I dress sort of bohemian, but its not messy or terribley layered aka bag lady style. I guess my style looks like the store Free People. Dresses/skirts over jeans, hand made jewelry, swing jackets, caplets, ballet flats, knit hats in winter. Very girly colors: reds, pinks, lavenders etc. I wear flea market finds, designer bags, vintage or AE, American Apperal basics, hell even Gap kids when I can't find my sizes. 

In my school I stand out a bit since everyone wears the standard Abercrombie or latest skinny jeans and huge bug eye sunglasses.


----------



## winduptoy (Jun 21, 2005)

Most days I either dress like it's the 70s (flared jeans, cordoroy pants, jackets, and my wavy/curly Robert Plant-ish hair helps with that look too :b ) or the 80s (pastel colors, converse shoes, or an 80s goth kind of style).


----------



## Mazy (Apr 30, 2007)

Mostly old faded out jeans and shirts, some of which have sentimental value. I'll probably continue wearing them until they fall apart by the seams. Light, soft jackets if it's chilly. I don't care about designer brands, as long as something looks good and feels comfortable, I'll wear it. I like alternative styles more than conservative. Basketball shoes are comfortable. I couldn't care less about popular trends or styles.


----------



## SilentLoner (Jan 30, 2006)

I wear jeans and sneakers pretty much everywhere. Even though im a girl, I like wearing guy t-shirts, probably since they're more comfy and have nicer designs. My favorite store is Hot Topic, I get most of my shirts from there - mostly band, anime and funny quote t shirts.

And most of my clothes are black or other dark colors. Drives the female parental unit crazy but I like it.


----------



## xLonewolf (Aug 15, 2006)

I mostly dress casual, a nice t shirt, skinny jeans or somethin and converse shoes. I like my jacket with fur lined hood for the winter, its all big and ominous hah. I like dark clothes but I wear all types of colors anyway


----------



## barnabas (Apr 24, 2007)

jeans, t-shirts, sweatshirts.


dare to be the same.


----------



## emptybottle (Jan 3, 2005)

barnabas said:


> jeans, t-shirts, sweatshirts.
> 
> dare to be the same.


same here. I like to blend in. I'm a bit sloppy-looking nowadays, since I've stopped caring about my appearance. I just wear whatever's cheap at Old Navy, and I like my clothes a couple of sizes too big, because fitted clothes make me uncomfortable. I no longer wear makeup.

In my late teens, before I stopped wanting people to notice me, I dressed like a hipster douche.
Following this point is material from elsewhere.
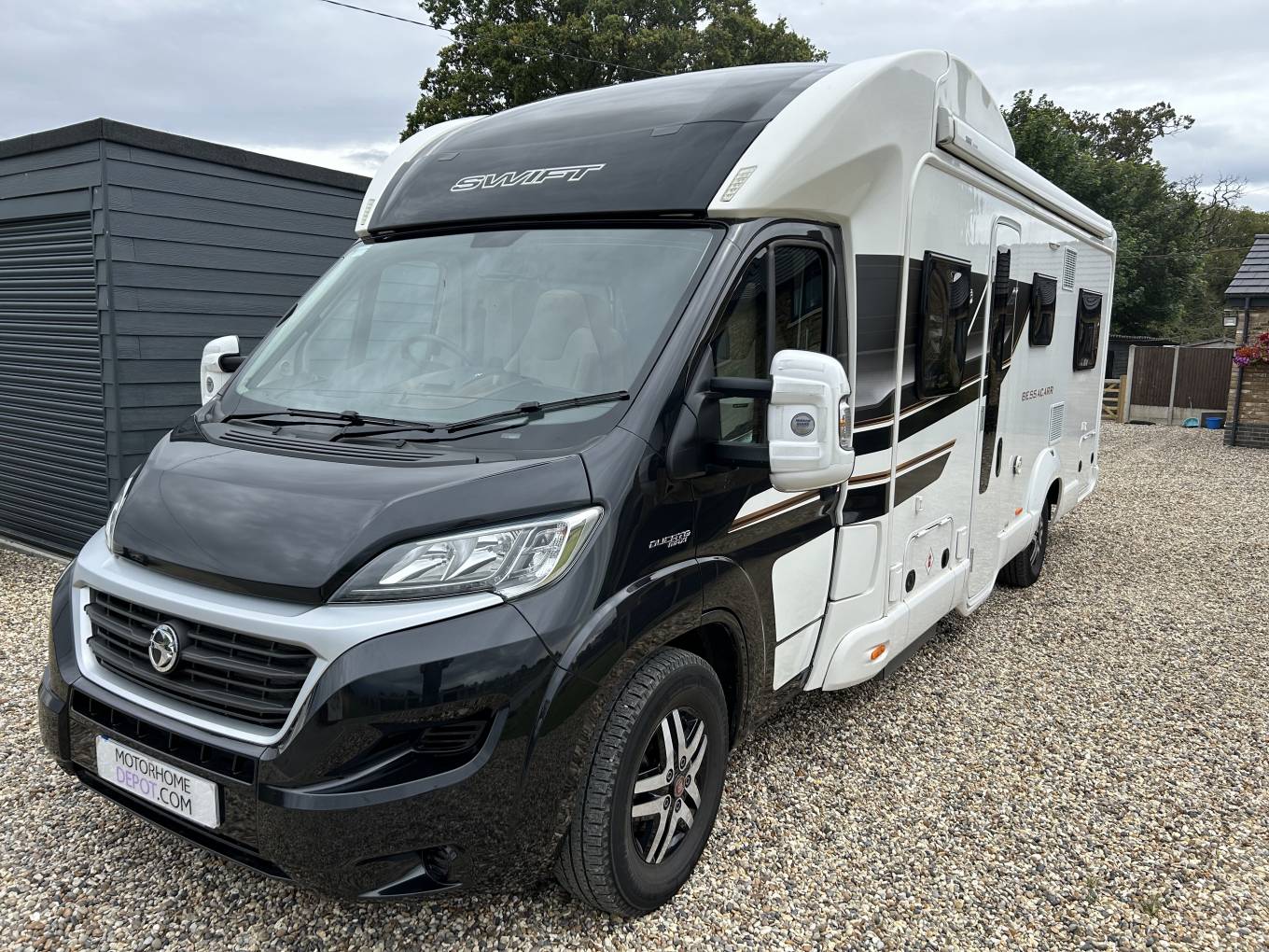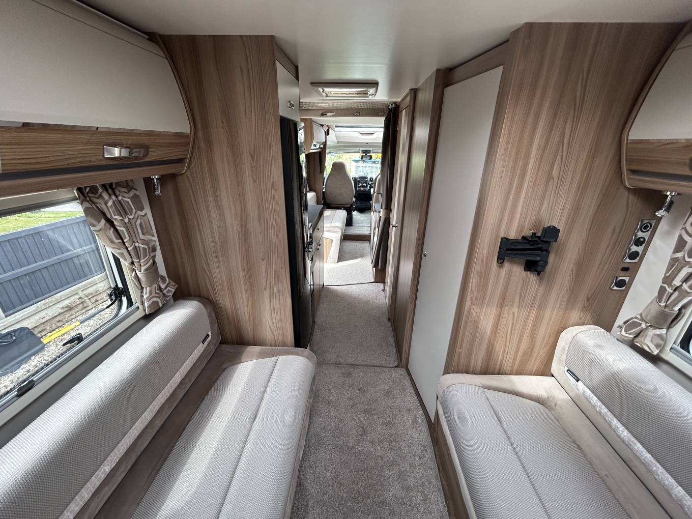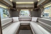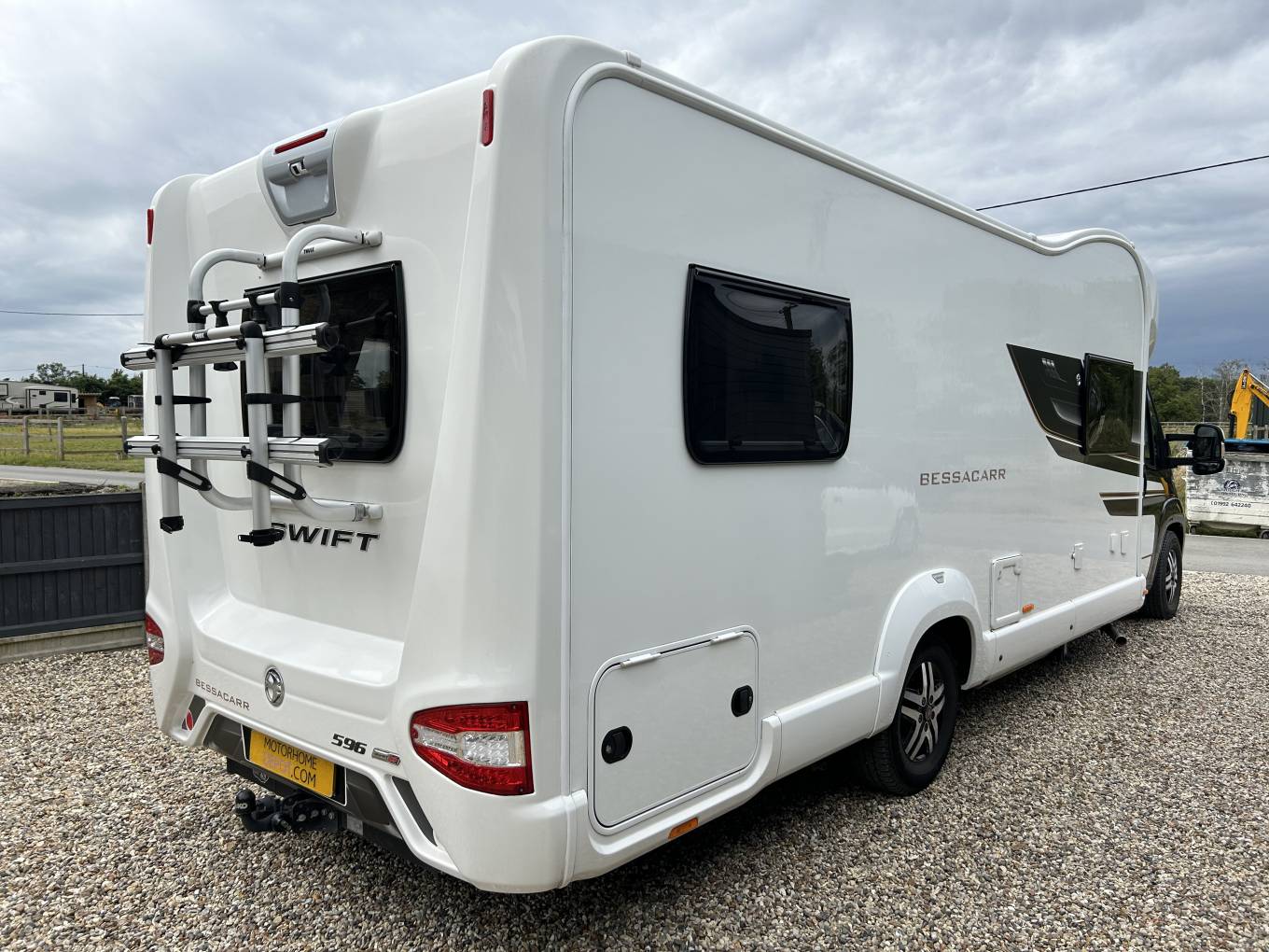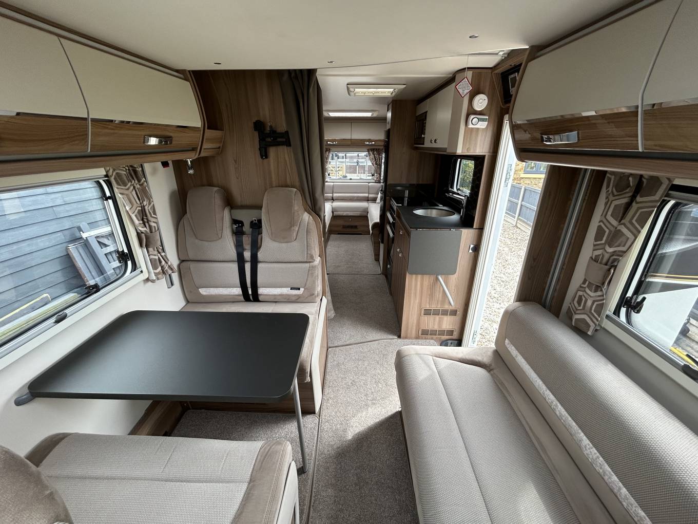 This highly desirable Swift Bessacarr 596 is presented in fantastic condition and has only covered 8,272 miles. The 596 is one of Swift's flagship models and it's easy to see why. The layout is probably the best in the entire Swift range with twin dinettes, a rear U shape lounge and a drop down bed. The interior conveys class and style from the moment you step inside and it has a whole host of luxury features including soft close drawers. The layout allows parents and children to have their own private space.

It's more flattering on me than my style now.


----------



## njodis (Nov 8, 2006)

Jeans and a hoodie, or shorts and a t-shirt in warmer weather.

In highschool I dressed like a metalhead, with long hair and black band t-shirts all the time. I kinda abandoned that style when I graduated.


----------



## Augustinus (Mar 17, 2007)

Mostly formal attire: black trousers (hate jeans), collar shirt, and black shoes. To church, or other special occasion, I wear a tie. I'm planning to buy a tailor-made suit, but that's gonna be $200, so it'll have to wait.


----------



## katelyn (Jul 11, 2006)

I have a very casual style, if it can be called a style at all...I wear jeans/shorts and t-shirts. It's not ideal, because it makes me look like a kid, but my height of 5'0" means it's difficult to find adult clothes that fit me, and I have no fashion sense anyway.


----------



## Qolselanu (Feb 15, 2006)

When I was going to CSULA I would wear jeans, shirt, and either a hat or something with a hood to keep me nice and hidden lol.


----------



## Johnny1234 (Nov 16, 2006)

I kinda have my own style. I try to go for Armani Express and Calvin Klein these days. I usually wear jeans(ripped and not) and shirts from ^^.


----------



## eagleheart (Jun 14, 2007)

I dress so casual. T-shirt and jeans (or more rarely other pants) for me, usually with a hoodie/sweater or jacket/coat over top of that or else I feel naked (unless I'm around home or at band practice, something like that.)

Pretty much only on special occasions will I wear anything fancier.


----------



## NightinGale (Oct 27, 2005)

Classic prep all the way! That's how I trick ppl into thinking I'm cooler than I actually am mwhwahahah


----------



## Drella (Dec 4, 2004)

I wear ultra-tight spandex shorts. Usually in a flourescent pink or a rich green. Sometimes multi-tonal. These are typically accompanied by a mesh tank of some sort, and gloves. I sprinkle glitter and glue all over the gloves myself. I think it gives them a more personal touch. For my feet, it's shoes with bell toes that curl at the end (Think Shaq in "Kazaam"). 

On my more average days, it's tight fitting jeans or black pants with a cardigan, turtle neck, a striped shirt, a plain black or a plain white shirt and a small jacket, or a solid colored long sleeve top.


----------



## Vintz (Apr 22, 2007)

emptybottle said:


> hipster douche.


 :agree :lol


----------



## sean88 (Apr 29, 2006)

Strictly band t's, but sometimes I'll wear plain white t's if I've got nothing else. Jeans, Dickies, skate shoes/converse. 

I used to dress like a Metalhead, but I grew out of it. My clothes are a lot more colorful now. Camo or all black used to be nothing out of the ordinary for me, but now I'm usually wearing yellow or blue.


----------



## Speak Easy (Jun 27, 2006)

I'm usually dressed casual/nice (i.e., polos, college/ncaa tees, jeans, shorts, sandals, sneakers, hats, whatever). I wouldn't say I have a style, though, cause I could be wearing a hoodie and sweats one day, but a button down with khakis the next. I wear whatever


----------



## SilentProphet (Jun 1, 2007)

My style?

You can call it the art of fighting without fighting

"the are of fighting without figthing"

a cookie to whoever gets that!


----------



## Eraserhead (Sep 23, 2006)

My uniform: blue jeans, black t-shirt 
Optional: Navy button shirt, shiny black jacket

An outside observer would likely interpret it as a pathetic attempt at classic "cool".


----------